:: ENTRIES SUPPLIED ::
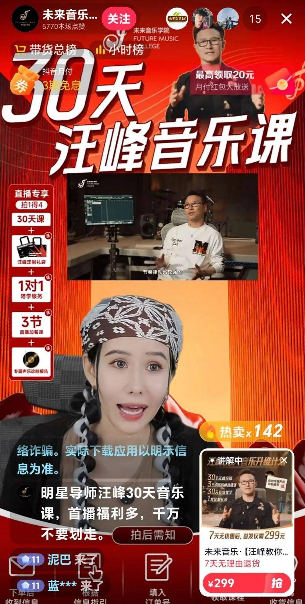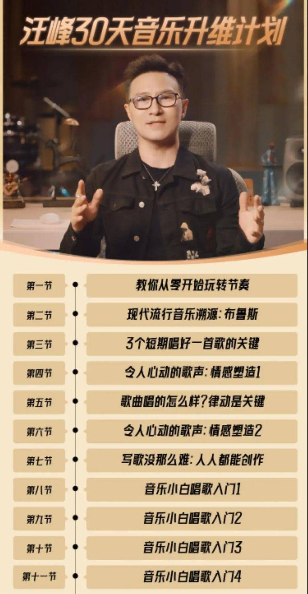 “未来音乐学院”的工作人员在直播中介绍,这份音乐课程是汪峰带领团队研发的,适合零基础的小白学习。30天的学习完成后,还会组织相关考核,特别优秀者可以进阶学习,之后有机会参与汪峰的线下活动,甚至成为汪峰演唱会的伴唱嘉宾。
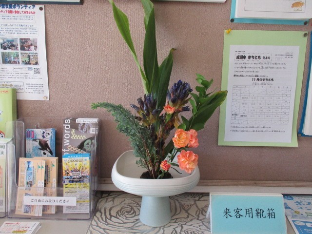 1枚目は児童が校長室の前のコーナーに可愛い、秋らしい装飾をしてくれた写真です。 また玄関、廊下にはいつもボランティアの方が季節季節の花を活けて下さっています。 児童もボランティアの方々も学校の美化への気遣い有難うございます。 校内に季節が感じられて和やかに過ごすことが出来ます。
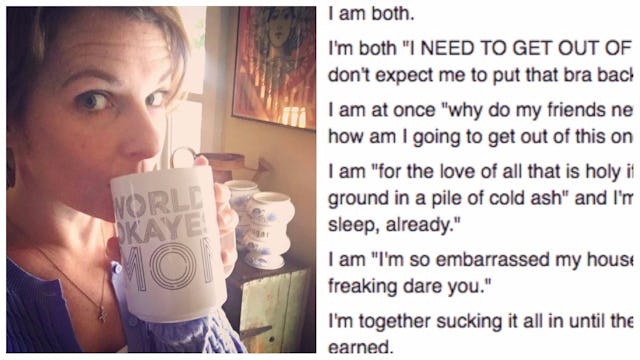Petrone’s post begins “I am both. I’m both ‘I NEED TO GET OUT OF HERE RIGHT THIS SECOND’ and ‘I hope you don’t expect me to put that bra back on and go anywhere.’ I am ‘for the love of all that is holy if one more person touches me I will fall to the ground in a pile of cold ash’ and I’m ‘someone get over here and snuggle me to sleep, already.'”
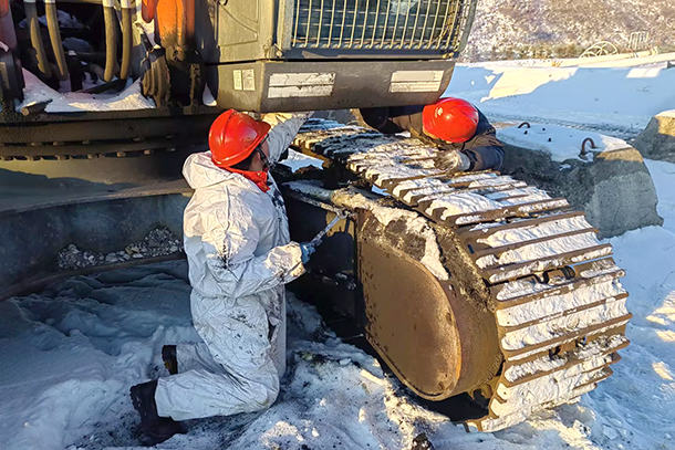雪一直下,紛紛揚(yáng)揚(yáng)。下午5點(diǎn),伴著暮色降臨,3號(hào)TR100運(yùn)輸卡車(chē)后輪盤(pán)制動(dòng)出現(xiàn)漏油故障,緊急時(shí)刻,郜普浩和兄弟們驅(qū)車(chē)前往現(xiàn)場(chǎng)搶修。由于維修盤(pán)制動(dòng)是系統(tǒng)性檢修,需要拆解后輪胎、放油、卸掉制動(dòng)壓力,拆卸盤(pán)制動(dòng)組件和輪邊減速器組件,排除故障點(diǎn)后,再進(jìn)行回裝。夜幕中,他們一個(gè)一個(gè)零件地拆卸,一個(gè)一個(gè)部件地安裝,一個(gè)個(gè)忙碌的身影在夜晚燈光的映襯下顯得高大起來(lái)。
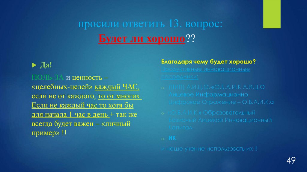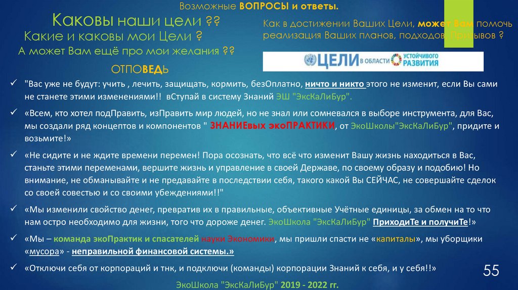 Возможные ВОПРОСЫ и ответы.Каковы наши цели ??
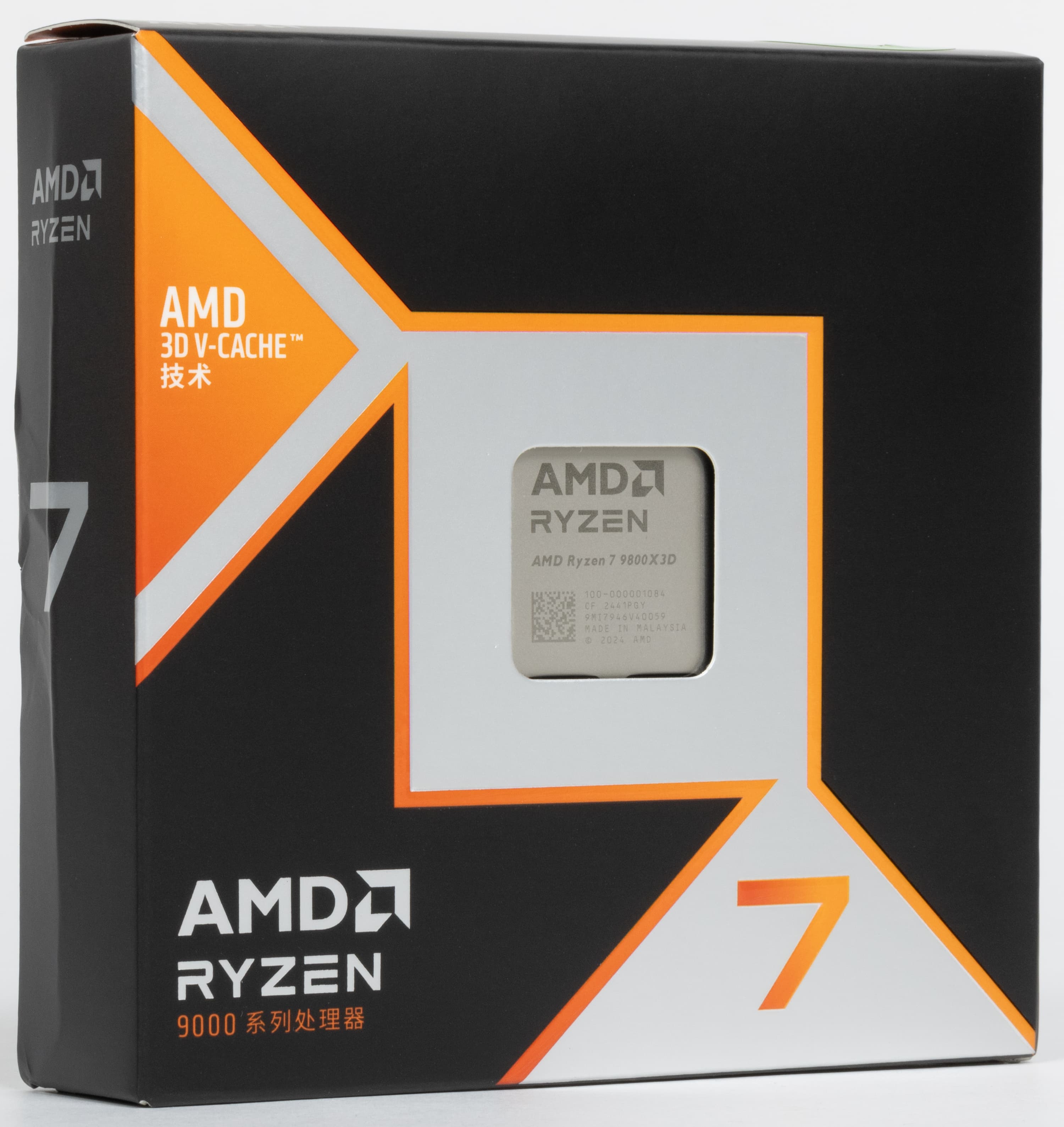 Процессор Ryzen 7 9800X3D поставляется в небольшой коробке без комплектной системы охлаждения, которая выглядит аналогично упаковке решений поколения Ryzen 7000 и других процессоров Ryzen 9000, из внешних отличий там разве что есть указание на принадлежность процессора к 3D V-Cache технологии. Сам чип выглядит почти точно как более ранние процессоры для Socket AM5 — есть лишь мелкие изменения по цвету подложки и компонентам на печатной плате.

:: WHAT YOU HAVE TO DO ::
Once you find the line that contains "Petrone’s post begins", reproduce it and every line after it through the end of the entries above, exactly as written, with no pictures.

:: SOLVED EXERCISE ::
Petrone’s post begins “I am both. I’m both ‘I NEED TO GET OUT OF HERE RIGHT THIS SECOND’ and ‘I hope you don’t expect me to put that bra back on and go anywhere.’ I am ‘for the love of all that is holy if one more person touches me I will fall to the ground in a pile of cold ash’ and I’m ‘someone get over here and snuggle me to sleep, already.'”
雪一直下,紛紛揚(yáng)揚(yáng)。下午5點(diǎn),伴著暮色降臨,3號(hào)TR100運(yùn)輸卡車(chē)后輪盤(pán)制動(dòng)出現(xiàn)漏油故障,緊急時(shí)刻,郜普浩和兄弟們驅(qū)車(chē)前往現(xiàn)場(chǎng)搶修。由于維修盤(pán)制動(dòng)是系統(tǒng)性檢修,需要拆解后輪胎、放油、卸掉制動(dòng)壓力,拆卸盤(pán)制動(dòng)組件和輪邊減速器組件,排除故障點(diǎn)后,再進(jìn)行回裝。夜幕中,他們一個(gè)一個(gè)零件地拆卸,一個(gè)一個(gè)部件地安裝,一個(gè)個(gè)忙碌的身影在夜晚燈光的映襯下顯得高大起來(lái)。
 Возможные ВОПРОСЫ и ответы.Каковы наши цели ??
 Процессор Ryzen 7 9800X3D поставляется в небольшой коробке без комплектной системы охлаждения, которая выглядит аналогично упаковке решений поколения Ryzen 7000 и других процессоров Ryzen 9000, из внешних отличий там разве что есть указание на принадлежность процессора к 3D V-Cache технологии. Сам чип выглядит почти точно как более ранние процессоры для Socket AM5 — есть лишь мелкие изменения по цвету подложки и компонентам на печатной плате.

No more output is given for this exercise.